**EXERCISE INPUT**
☆ ☆ ☆ ☆ ☆

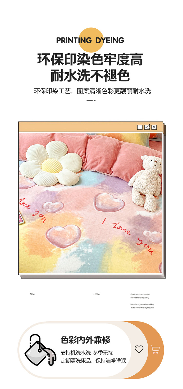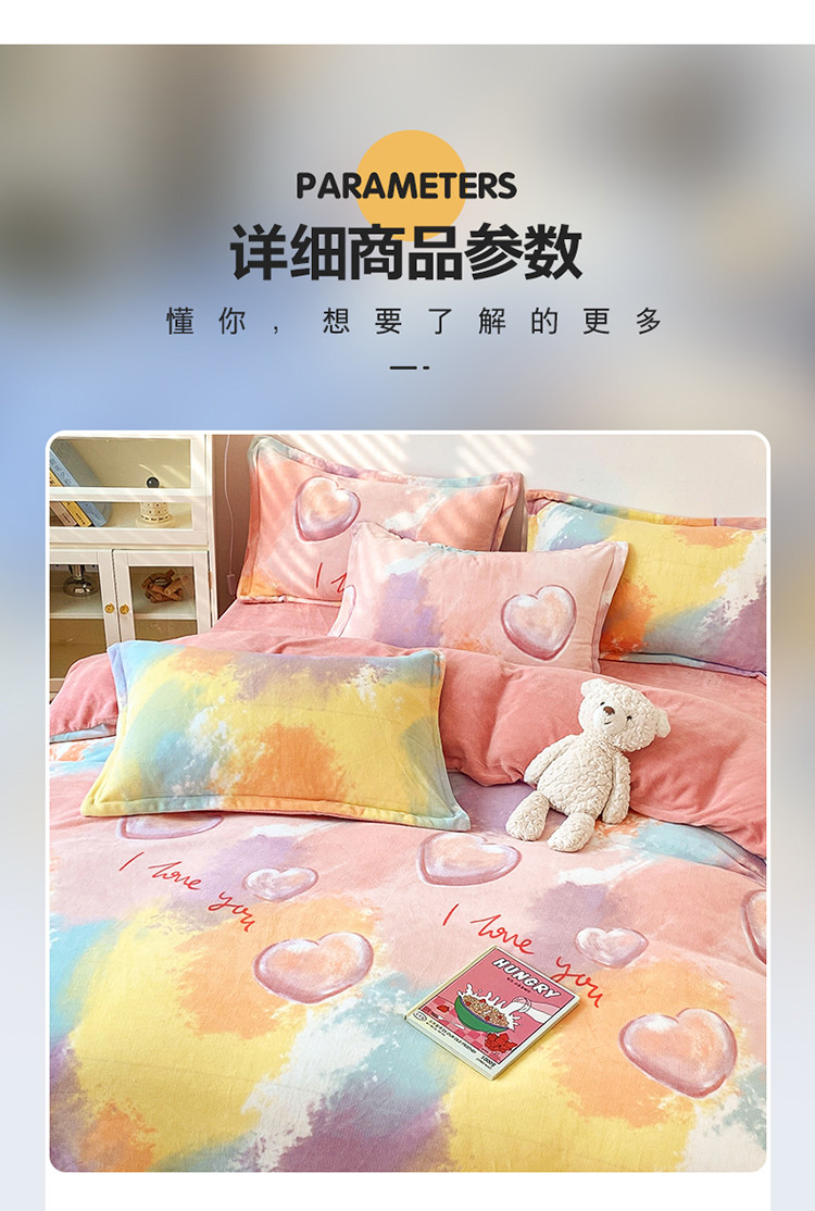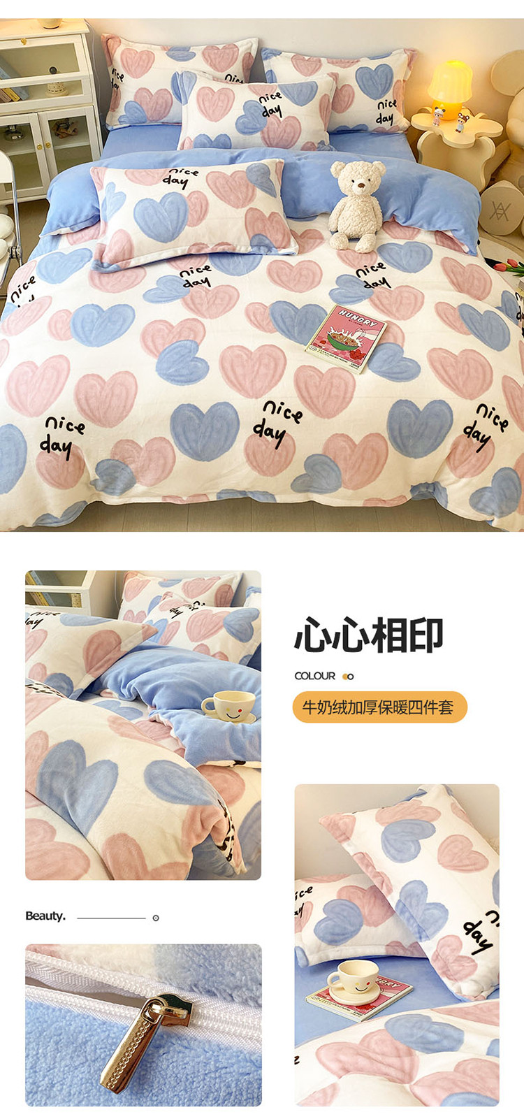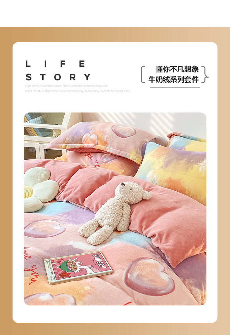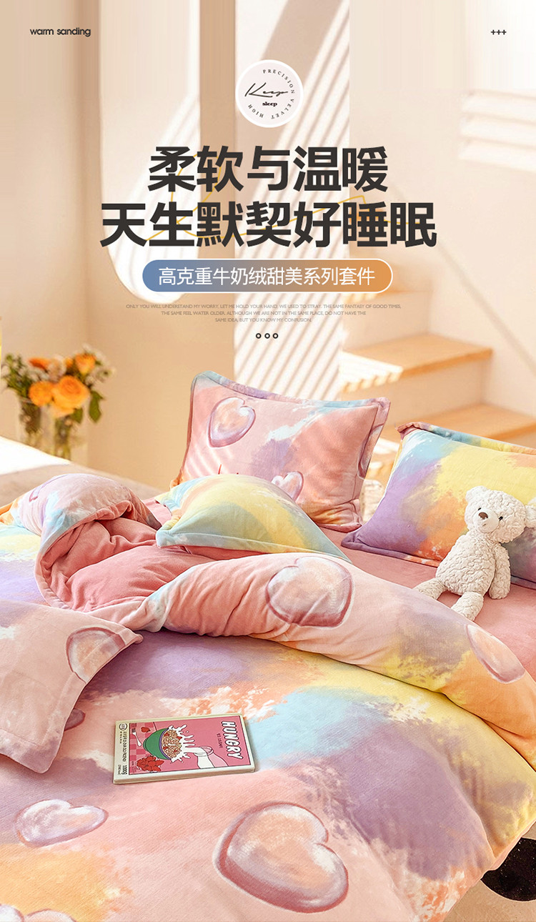 (总)木堇 2022秋冬新款高克重甜美系列印花牛奶绒四件套
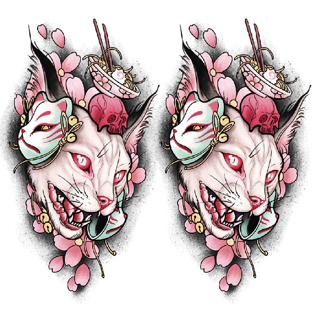 Oottati 2 Sheets Arm Thigh Leg Waterproof Fake Temporary Tattoos Sticker Grey Lion
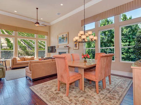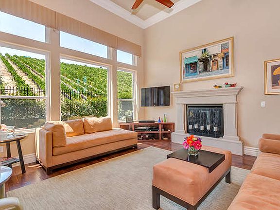 Over 55 Resort living . Nearly new Signature High Ceiling Costa Dorado model w/Premium Lot backing to the Vineyards. Utility Rm., lg. Pantry, Extensive Wood Flrs, Plantation Shutters, remote Shade Awnings, 70" wall TV, SS Appliances, Gas Fireplace and a wonderful private View of the Vineyards
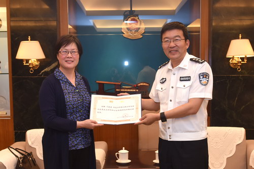 樊京玉书记向丁芙蓉主任颁发我校马克思主义学院和公安党建研究所特约研究员聘书
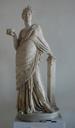 Statua di Musa, in posizione stante sopra un plinto modanato di forma ovale, con un impostazione elicoidale e piramidale, ritratta nell'atto di appoggiarsi con la mano sinistra a un pilastrino parallelepipedo, modanato alla base e impreziosito da un piccolo drappeggio alla sommità, mentre con il braccio destro, piegato, regge una piccola patera rivolta con la mano verso l'alto. La testa, cinta da un alto diadema, è incorniciata da una pettinatura a scriminatura mediana da cui si dipartono ciocche a capelli ondulati raccolti sulla nuca e ha lo sguardo rivolto verso l'alto. La Musa indossa un chitone che corre trasversalmente sul petto, con un ricco panneggio che a pieghe con spigoli acuti, articolate in forma ellissoidale nella zona mediana, alterna grosse pieghe verticali che si allargano alla base con ricchi strascichi. Sopra, un mantello avvolge delicatamente la figura quasi per intero, con un rotolo di stoffa che attraversa diagonalmente il petto, lasciando intravedere con preziosi giochi di trasparenza le parti sottostanti.
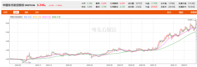 从2024年9月16 日的1.72元,到2026年2月4日的6.19港元,不到一年半的时间内,东航涨幅高达260%。
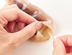 いかの胴の内側にある固い部分(中骨)を抜きとります。
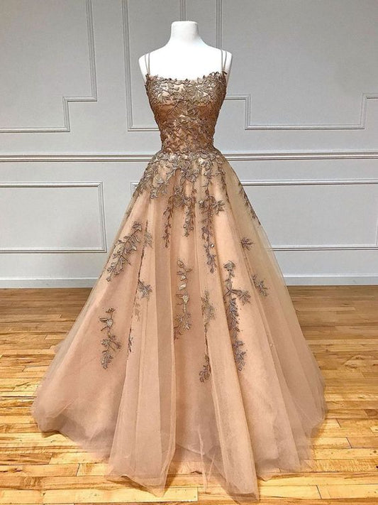 Champagne tulle lace long prom dress, champagne evening dress Y920
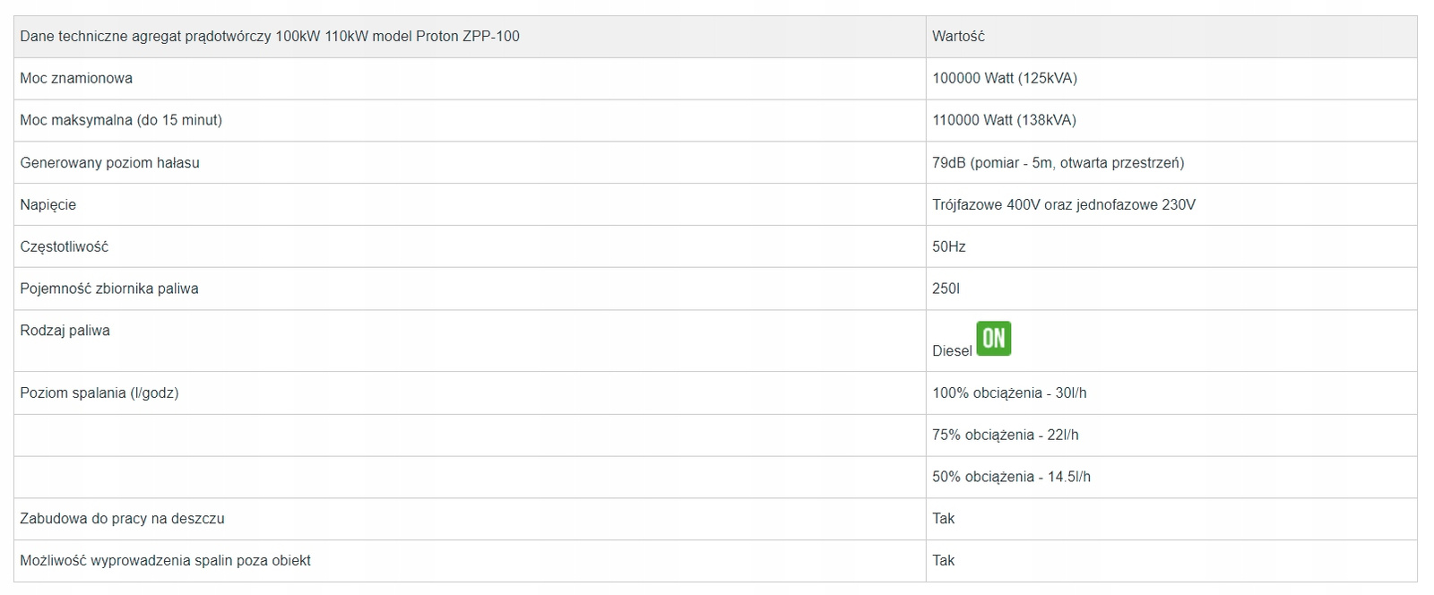 - Moc znamionowa: 125,000 Watt (125kW, 155kVA)
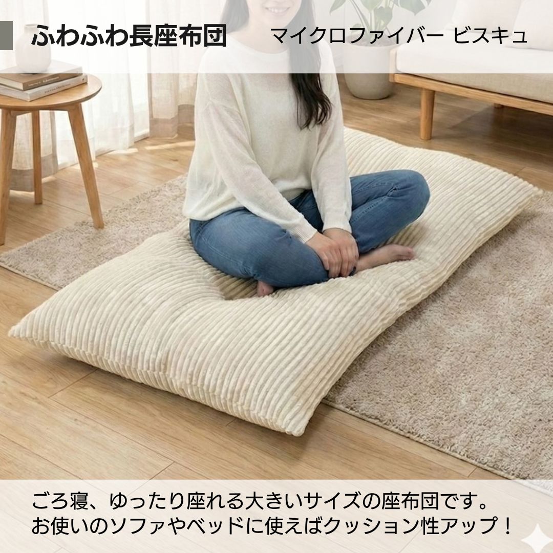 ビスケットにインスパイアされたマイクロファイバー素材の『ビスキュ長座布団』
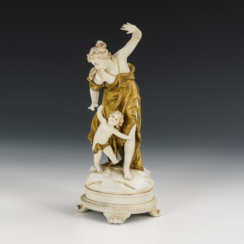 Auf einem Felssockel stehende junge Frau mit Knaben. 7 Finger bestoßen bzw. fehlen.
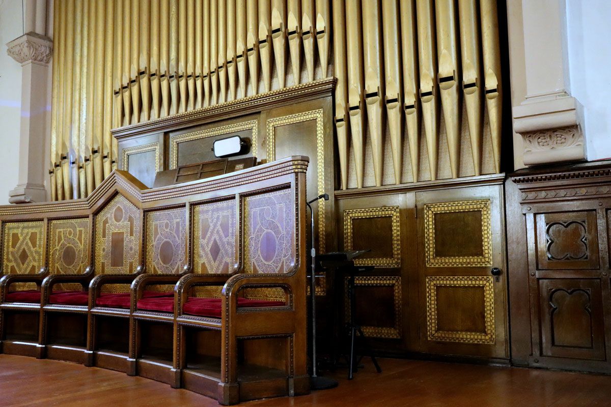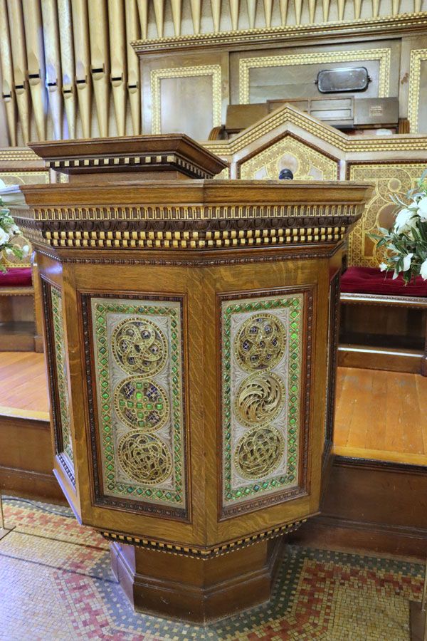 "They’re practicing for a wedding over the weekend. I hope you can hear me; I'll be competing for your attention." Ed smiles in my direction. "The stained glass, the walls, the pews, the mosaic floor tiles - everything but the organ playing at the front of the chapel is Tiffany."
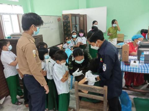 လှိုင်မြို့နယ်တွင် အသက် ၅ နှစ်မှ ၁၂ နှစ်အတွင်း ကျောင်းသား/သူများအား ကိုဗစ်-၁၉ ကာကွယ်ဆေးထိုးနှံ
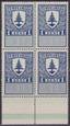 1 цент. Синяя. Штемпельная марка Эстонии. Квартблок с полем.
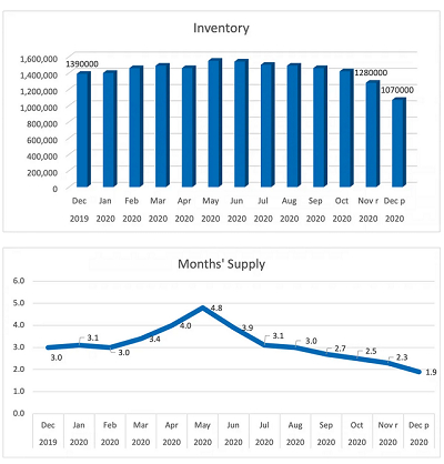 美国房产经纪人协会的数据显示,2020年美国的销售量约600万套,但2020年12月,其库存只有107万套,仅为1.9个月的供给量,创历史最低记录。
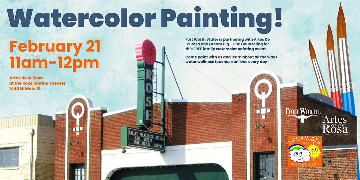 Fort Worth Water is partnering with Artes De La Rosa and Dream Big – PSP Counseling for this FREE family watercolor painting event!
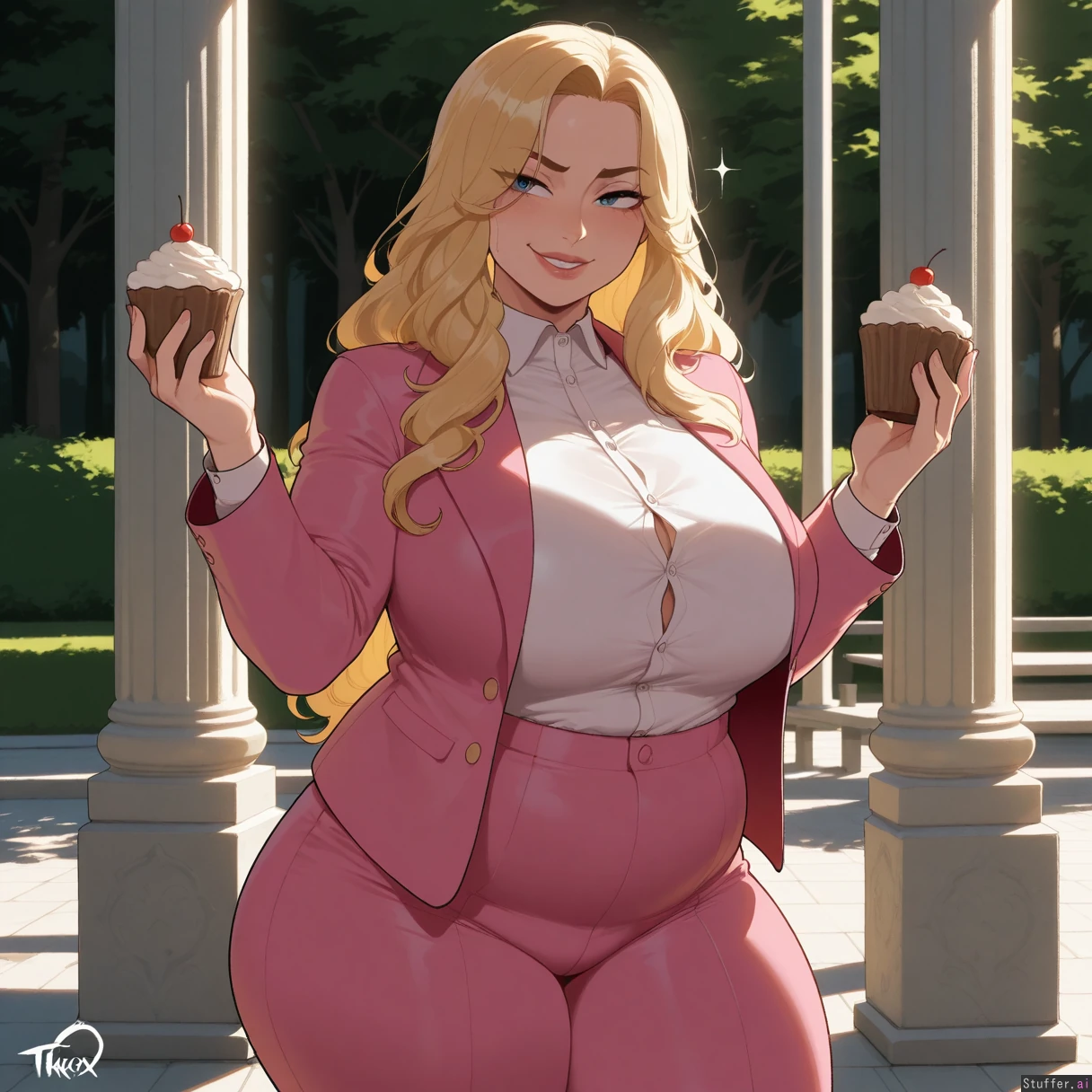 (masterpiece, amazing resolution , nyantcha(artist), krekkov (artist), KAMII MOMORU (artist), dramatic lighting, 8k, uhd) 1girl, garyu, long blond hair, blue eyes, annoyed, seductive, smirk, white button down, button gap, Pink suit, buttoned jacket, thick thighs, pink dress pants, eating cupcakes, happy, orgasmic, moaning (overweight:1.4) day, bright, white stone pillars, park,
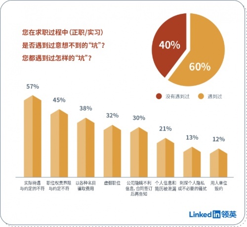 根据领英与瞭望智库联合发布的报告显示,有超过60%的受访者在求职过程中遇到过不同种类的“坑”。其中最常见的情况是“实际待遇与约定不符”,有超过半数的人遇到过这种情况,其次是“职位权责与约定不符”和“以各种名目骗取费用”,分别有45%和38%的人遇到过。在曾经遇到过“坑”的受访者中,有64%的人表示“想要进行维权”。
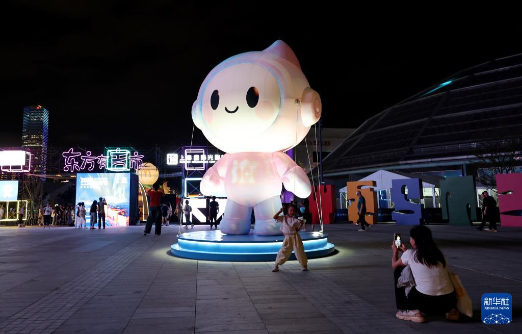 這是在徐匯濱江主會場集市外的第二屆上海國際光影節吉祥物“小靈光”造型燈光裝飾(9月19日攝)。

☆ ☆ ☆ ☆ ☆

**YOUR GOAL**
Only lines go in the copy, not pictures. Transcribe exactly from the start of the listing through the line containing "Over 55 Resort".

**ANSWER FOR THIS EXERCISE**
 (总)木堇 2022秋冬新款高克重甜美系列印花牛奶绒四件套
 Oottati 2 Sheets Arm Thigh Leg Waterproof Fake Temporary Tattoos Sticker Grey Lion
 Over 55 Resort living . Nearly new Signature High Ceiling Costa Dorado model w/Premium Lot backing to the Vineyards. Utility Rm., lg. Pantry, Extensive Wood Flrs, Plantation Shutters, remote Shade Awnings, 70" wall TV, SS Appliances, Gas Fireplace and a wonderful private View of the Vineyards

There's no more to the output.